WHAT YOU HAVE TO DO - Reproduce the listing below word for word and exclude any picture.

RECORDS SUPPLIED -
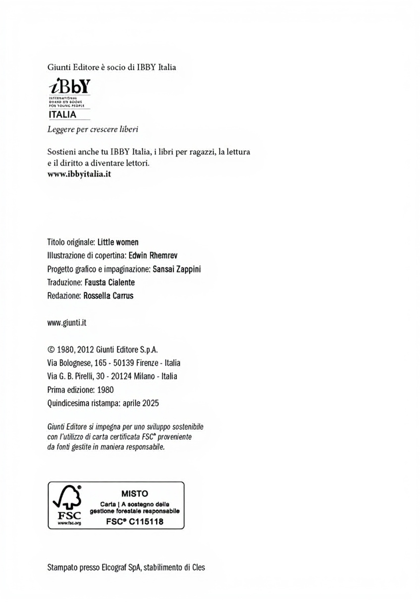 Piccole donne, pubblicato da Giunti Editore, è un’edizione in italiano che riporta il classico della letteratura per ragazzi. Con 416 pagine, questo libro è stampato su carta di qualità, offrendo una lettura piacevole e duratura nel tempo.
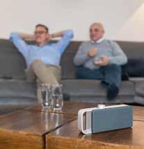 entspannt fernsehen können, ohne den Ton übermäßig aufzudrehen. Der tragbare TV-Sprachverstärker mit innovativer Technologie zur Stimmoptimierung lässt sich leicht mit dem Fernseher verbinden und funktioniert kabellos über bis zu 30 Meter Distanz. Der Ton wird so direkt zum Sitzplatz gebracht. Auf Knopfdruck werden Stimmen und für Sprache wichtige Frequenzbänder aktiv hervorgehoben, während störende Nebengeräusche dynamisch herausgefiltert und minimiert werden. Der eingebaute Akku hat eine Laufzeit von bis zu 16 Stunden. Einem genussvollen, langen Fernsehabend steht mit OSKAR nichts mehr im Weg.
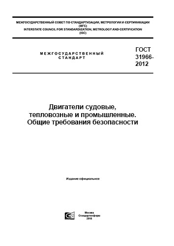 Стандарт распространяется на судовые, тепловозные и промышленные поршневые двигатели внутреннего сгорания, работающие на жидком и/или газообразном топливе, и устанавливает общие требования их безопасности.
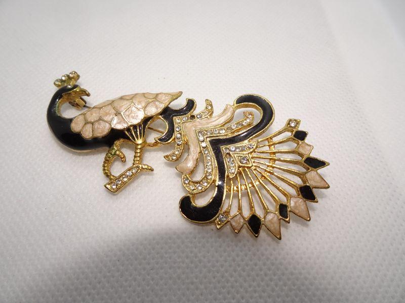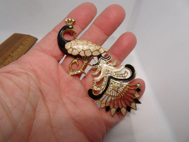 Vintage Enamel Peacock Pendant Brooch, Insect Jewelry
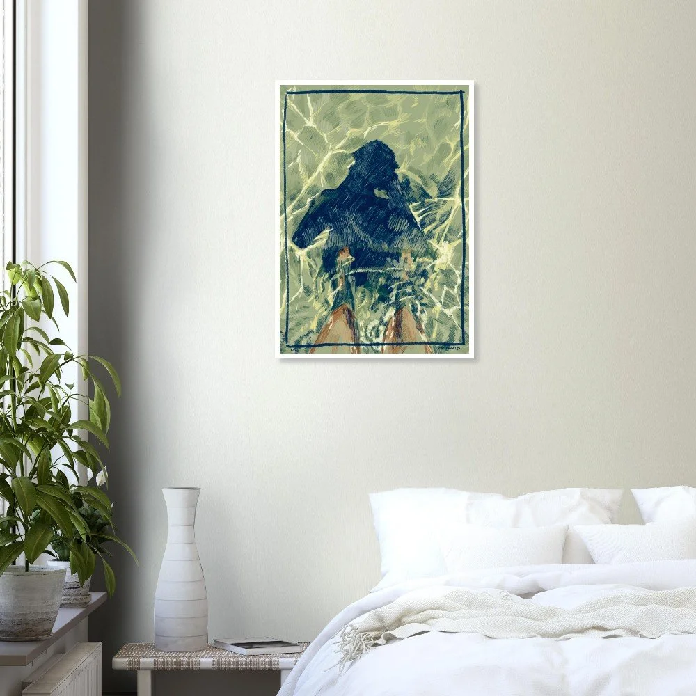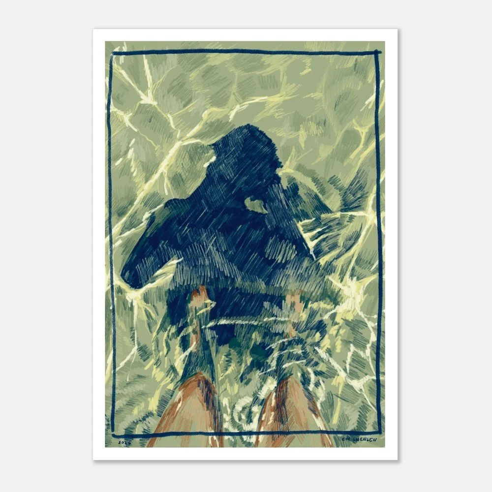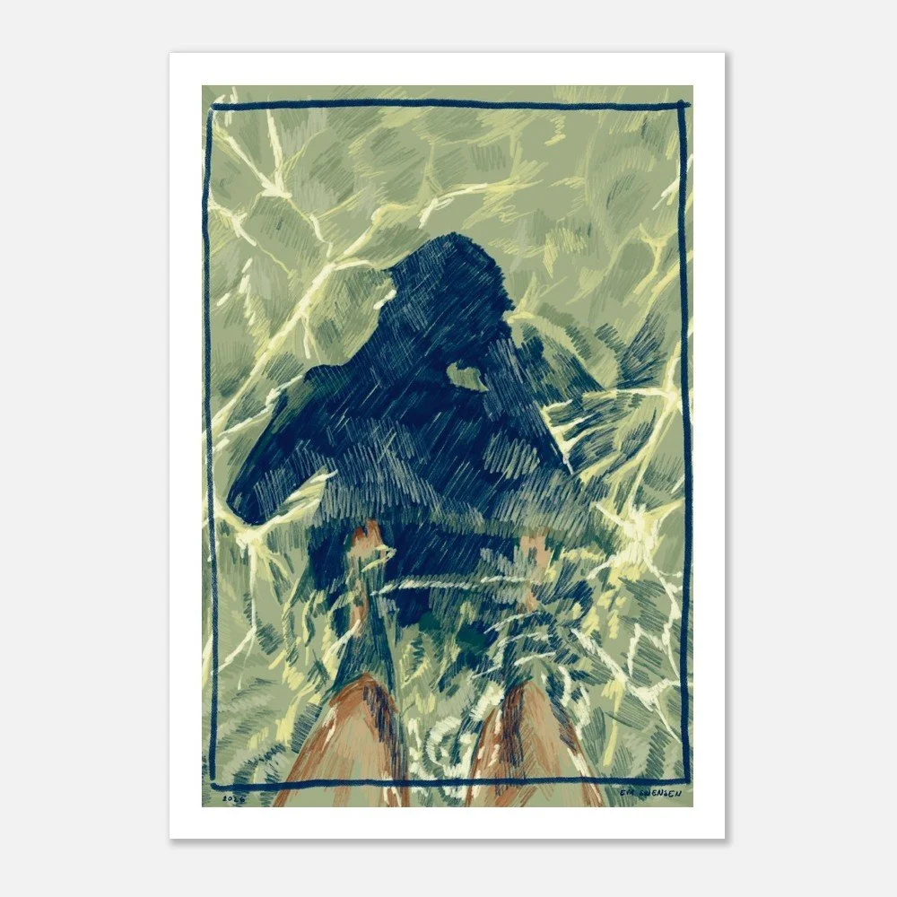"Badejente" er en digitalt tegnet illustrasjon av meg (Eva Swensen), og er tilgjengelig som plakat. Pynt opp hjemmet ditt med en tegning av strand, syden og ferie. Plakaten er hovedsakelig blå, grønn og gul.
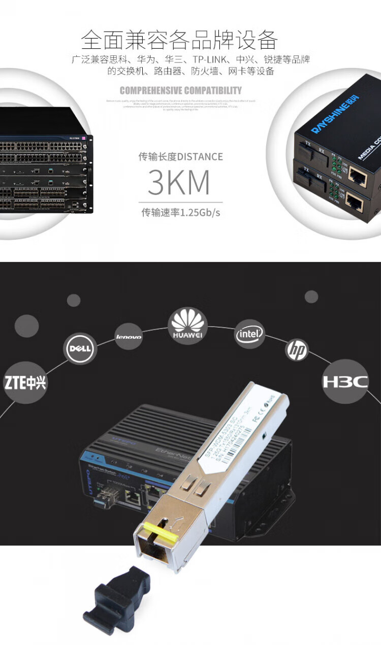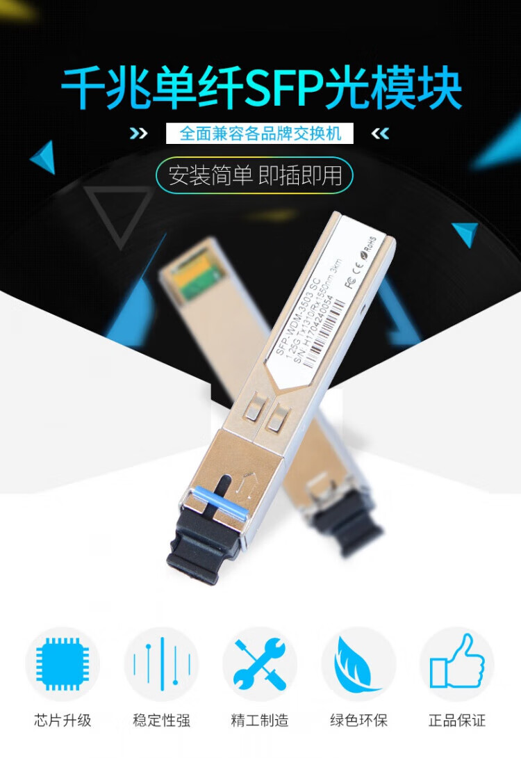 Ruishan sfp optical module Gigabit single mode single fiber 3km SC LC single core fiber module is suitable for Huawei H3C H3C ruijie Ruijie TP 20KM single mode single fiber LC 1 pair
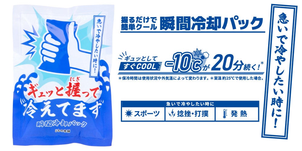 急いで冷やしたい時にご使用いただける「瞬間冷却パック」を発売いたしました。
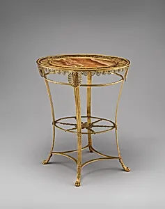 This elegant *Guéridon* by the Berlin firm Werner & Mieth, dating to around 1810, is a masterful example of early 19th-century German arts. Standing 29 inches tall with a 23¼ × 19¼-inch footprint, it combines shimmering gilt yellow metal—likely bronze—with a smooth alabaster top, creating a luxurious pedestal table ideal for displaying fine objects or serving delicacies. Housed in the Metropolitan Museum of Art's Department of European Sculpture and Decorative Arts, it reflects the opulence of Prussian elite interiors. Crafted during Berlin's Neoclassical flowering, influenced by ancient Grec...
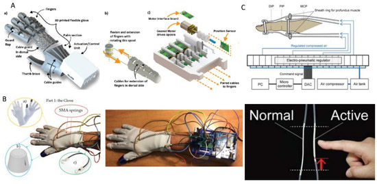 Hands have always been a fundamental interface element between human beings and external physical reality, and today also towards non-physical environments, such as virtual or augmented reality. Soft robotic gloves and soft haptic gloves are wearable devices, which do not impose physical restraints on joint motions, developed to actuate hand movements (this is the case of rehabilitative or assisting gloves) or to sense and/or give the user sensory feedbacks (in the case of haptic gloves). The actuation of hand joints is used in robotic rehabilitative exoskeletons to provide several different kinds of patients, such as subjects affected by rheumatoid arthritis and spinal cord injury or post-stroke patients, with therapeutic exercises at a higher dosage and intensity compared to conventional manual therapy [1,2,3,4]. Hand robotic assisting devices are used to provide support in the activities of daily living (ADLs) for a temporary phase to patients who have the possibility of regaining hand full control, or indefinitely for chronic patients, such as subjects affected by Parkinson’s disease, cerebral palsy, or dementia. Any support that can help to recover the full potential of the hand or at least being able to carry out ADLs with greater easiness has a strong impact on the quality of life, given the fundamental importance of the hand for these activities [5,6].
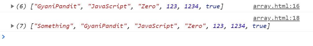 Adding new elements to the beginning of array (unshift() method) 1
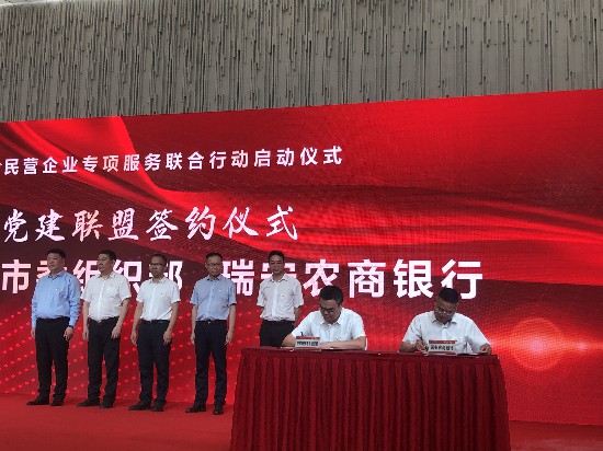 活動現場,瑞安農商銀行還與市委組織部、市經信局、市科技局、市市場監督管理局、市企業家協會分別簽訂黨建聯盟協議,向民營企業授信100億元,并向市興企融資擔保有限公司擔保授信3億元。
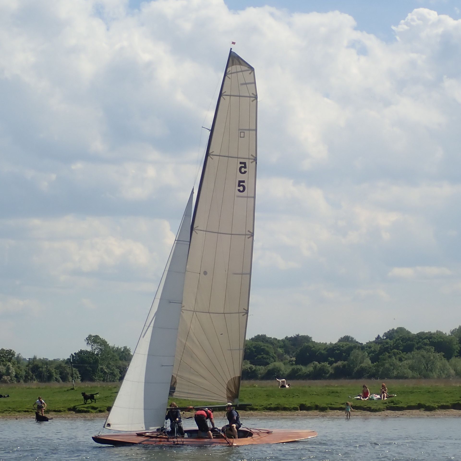 Happily, the story didn’t end with plastic taking over. In the 1990s and early 2000s, a revival of the wooden Raters took place. A new generation of craftsmen-sailors, notably Ossie Stewart (an Olympic bronze medalist from 1992), stepped up to restore the original boatsthedailysail.com. Stewart, who runs a boatyard next to Thames SC, led painstaking restorations of several grand old ladies of the class. In 1997, the restored Caprice IV (1907) won the Queen’s Cup and Thames Champion Cup, helmed by Stewart himself thames-sailingclub-history.thecomputerguy-it.co.uk thames-sailingclub-history.thecomputerguy-it.co.uk. In 2003, Stewart’s team completed a keel-up rebuild of Carina (1903) in time for her 100th birthdaythedailysail.com, and promptly Carina went out and won the Scamp Cup and Thames Champions Cup on handicapthames-sailingclub-history.thecomputerguy-it.co.uk thames-sailingclub-history.thecomputerguy-it.co.uk. Next they turned to the hallowed Ulva: starting in late 2003, Ulva’s restoration saw almost the entire hull replaced, using the original as a mould to shape new timbers thedailysail.com thedailysail.com. Only about 15% of Ulva’s original fabric remained – a testament to how much work was needed – but by 2005 she was back, gleaming and fast, even appearing (fully rigged with a replica bamboo dipping lug sail) as a star exhibit at the RYA Dinghy Showthedailysail.com. Other wooden boats like Vagabond also underwent comprehensive refits around this time (Vagabond’s occurred in the 1980s, launching the “wooden resurgence” by showing that a rebuilt 1907 hull could beat the new boats)thames-sailingclub-history.thecomputerguy-it.co.uk. By the mid-2000s, the class had achieved a healthy balance: a fleet composed of both the rejuvenated centenarian wooden boats and the fleet-footed GRP boats, racing on equal termsthamessailingclub.co.uk. To level the field, many wooden boats adopted modern rigs (aluminum or carbon masts, Mylar sails), while conversely some GRP boats even added wooden decks for stiffness and reduced weight aloft thames-sailingclub-history.thecomputerguy-it.co.uk. The net effect was that each boat, old or new, had its own strengths – and on any given day a well-sailed classic could still beat the best of the newer ones.
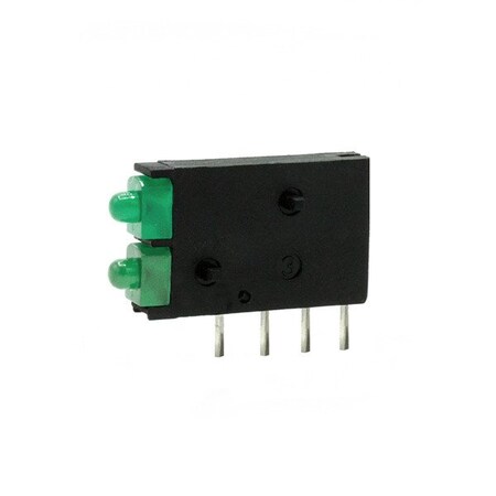 - <b>Order Unit:</b> Each 1 <b>Bulb Size:</b>: 2mm <b>Forward Current If:</b>: 20 <b>Forward Voltage:</b>: 2.1 <b>Height:</b>: 8.6 <b>LED Color:</b>: Green <b>LED Mounting:</b>: Through Hole <b>Luminous Intensity:</b>: 8.7 <b>No. of LEDs:</b>: 2 <b>Packaging:</b>: Each <b>SVHC:</b>: No SVHC (17-Dec-2014) <b>Viewing Angle:</b>: 38 <b>Width:</b>: 2.5

TASK ANSWER -
 Piccole donne, pubblicato da Giunti Editore, è un’edizione in italiano che riporta il classico della letteratura per ragazzi. Con 416 pagine, questo libro è stampato su carta di qualità, offrendo una lettura piacevole e duratura nel tempo.
 entspannt fernsehen können, ohne den Ton übermäßig aufzudrehen. Der tragbare TV-Sprachverstärker mit innovativer Technologie zur Stimmoptimierung lässt sich leicht mit dem Fernseher verbinden und funktioniert kabellos über bis zu 30 Meter Distanz. Der Ton wird so direkt zum Sitzplatz gebracht. Auf Knopfdruck werden Stimmen und für Sprache wichtige Frequenzbänder aktiv hervorgehoben, während störende Nebengeräusche dynamisch herausgefiltert und minimiert werden. Der eingebaute Akku hat eine Laufzeit von bis zu 16 Stunden. Einem genussvollen, langen Fernsehabend steht mit OSKAR nichts mehr im Weg.
 Стандарт распространяется на судовые, тепловозные и промышленные поршневые двигатели внутреннего сгорания, работающие на жидком и/или газообразном топливе, и устанавливает общие требования их безопасности.
 Vintage Enamel Peacock Pendant Brooch, Insect Jewelry
"Badejente" er en digitalt tegnet illustrasjon av meg (Eva Swensen), og er tilgjengelig som plakat. Pynt opp hjemmet ditt med en tegning av strand, syden og ferie. Plakaten er hovedsakelig blå, grønn og gul.
 Ruishan sfp optical module Gigabit single mode single fiber 3km SC LC single core fiber module is suitable for Huawei H3C H3C ruijie Ruijie TP 20KM single mode single fiber LC 1 pair
 急いで冷やしたい時にご使用いただける「瞬間冷却パック」を発売いたしました。
 This elegant *Guéridon* by the Berlin firm Werner & Mieth, dating to around 1810, is a masterful example of early 19th-century German arts. Standing 29 inches tall with a 23¼ × 19¼-inch footprint, it combines shimmering gilt yellow metal—likely bronze—with a smooth alabaster top, creating a luxurious pedestal table ideal for displaying fine objects or serving delicacies. Housed in the Metropolitan Museum of Art's Department of European Sculpture and Decorative Arts, it reflects the opulence of Prussian elite interiors. Crafted during Berlin's Neoclassical flowering, influenced by ancient Grec...
 Hands have always been a fundamental interface element between human beings and external physical reality, and today also towards non-physical environments, such as virtual or augmented reality. Soft robotic gloves and soft haptic gloves are wearable devices, which do not impose physical restraints on joint motions, developed to actuate hand movements (this is the case of rehabilitative or assisting gloves) or to sense and/or give the user sensory feedbacks (in the case of haptic gloves). The actuation of hand joints is used in robotic rehabilitative exoskeletons to provide several different kinds of patients, such as subjects affected by rheumatoid arthritis and spinal cord injury or post-stroke patients, with therapeutic exercises at a higher dosage and intensity compared to conventional manual therapy [1,2,3,4]. Hand robotic assisting devices are used to provide support in the activities of daily living (ADLs) for a temporary phase to patients who have the possibility of regaining hand full control, or indefinitely for chronic patients, such as subjects affected by Parkinson’s disease, cerebral palsy, or dementia. Any support that can help to recover the full potential of the hand or at least being able to carry out ADLs with greater easiness has a strong impact on the quality of life, given the fundamental importance of the hand for these activities [5,6].
 Adding new elements to the beginning of array (unshift() method) 1
 活動現場,瑞安農商銀行還與市委組織部、市經信局、市科技局、市市場監督管理局、市企業家協會分別簽訂黨建聯盟協議,向民營企業授信100億元,并向市興企融資擔保有限公司擔保授信3億元。
 Happily, the story didn’t end with plastic taking over. In the 1990s and early 2000s, a revival of the wooden Raters took place. A new generation of craftsmen-sailors, notably Ossie Stewart (an Olympic bronze medalist from 1992), stepped up to restore the original boatsthedailysail.com. Stewart, who runs a boatyard next to Thames SC, led painstaking restorations of several grand old ladies of the class. In 1997, the restored Caprice IV (1907) won the Queen’s Cup and Thames Champion Cup, helmed by Stewart himself thames-sailingclub-history.thecomputerguy-it.co.uk thames-sailingclub-history.thecomputerguy-it.co.uk. In 2003, Stewart’s team completed a keel-up rebuild of Carina (1903) in time for her 100th birthdaythedailysail.com, and promptly Carina went out and won the Scamp Cup and Thames Champions Cup on handicapthames-sailingclub-history.thecomputerguy-it.co.uk thames-sailingclub-history.thecomputerguy-it.co.uk. Next they turned to the hallowed Ulva: starting in late 2003, Ulva’s restoration saw almost the entire hull replaced, using the original as a mould to shape new timbers thedailysail.com thedailysail.com. Only about 15% of Ulva’s original fabric remained – a testament to how much work was needed – but by 2005 she was back, gleaming and fast, even appearing (fully rigged with a replica bamboo dipping lug sail) as a star exhibit at the RYA Dinghy Showthedailysail.com. Other wooden boats like Vagabond also underwent comprehensive refits around this time (Vagabond’s occurred in the 1980s, launching the “wooden resurgence” by showing that a rebuilt 1907 hull could beat the new boats)thames-sailingclub-history.thecomputerguy-it.co.uk. By the mid-2000s, the class had achieved a healthy balance: a fleet composed of both the rejuvenated centenarian wooden boats and the fleet-footed GRP boats, racing on equal termsthamessailingclub.co.uk. To level the field, many wooden boats adopted modern rigs (aluminum or carbon masts, Mylar sails), while conversely some GRP boats even added wooden decks for stiffness and reduced weight aloft thames-sailingclub-history.thecomputerguy-it.co.uk. The net effect was that each boat, old or new, had its own strengths – and on any given day a well-sailed classic could still beat the best of the newer ones.
 - <b>Order Unit:</b> Each 1 <b>Bulb Size:</b>: 2mm <b>Forward Current If:</b>: 20 <b>Forward Voltage:</b>: 2.1 <b>Height:</b>: 8.6 <b>LED Color:</b>: Green <b>LED Mounting:</b>: Through Hole <b>Luminous Intensity:</b>: 8.7 <b>No. of LEDs:</b>: 2 <b>Packaging:</b>: Each <b>SVHC:</b>: No SVHC (17-Dec-2014) <b>Viewing Angle:</b>: 38 <b>Width:</b>: 2.5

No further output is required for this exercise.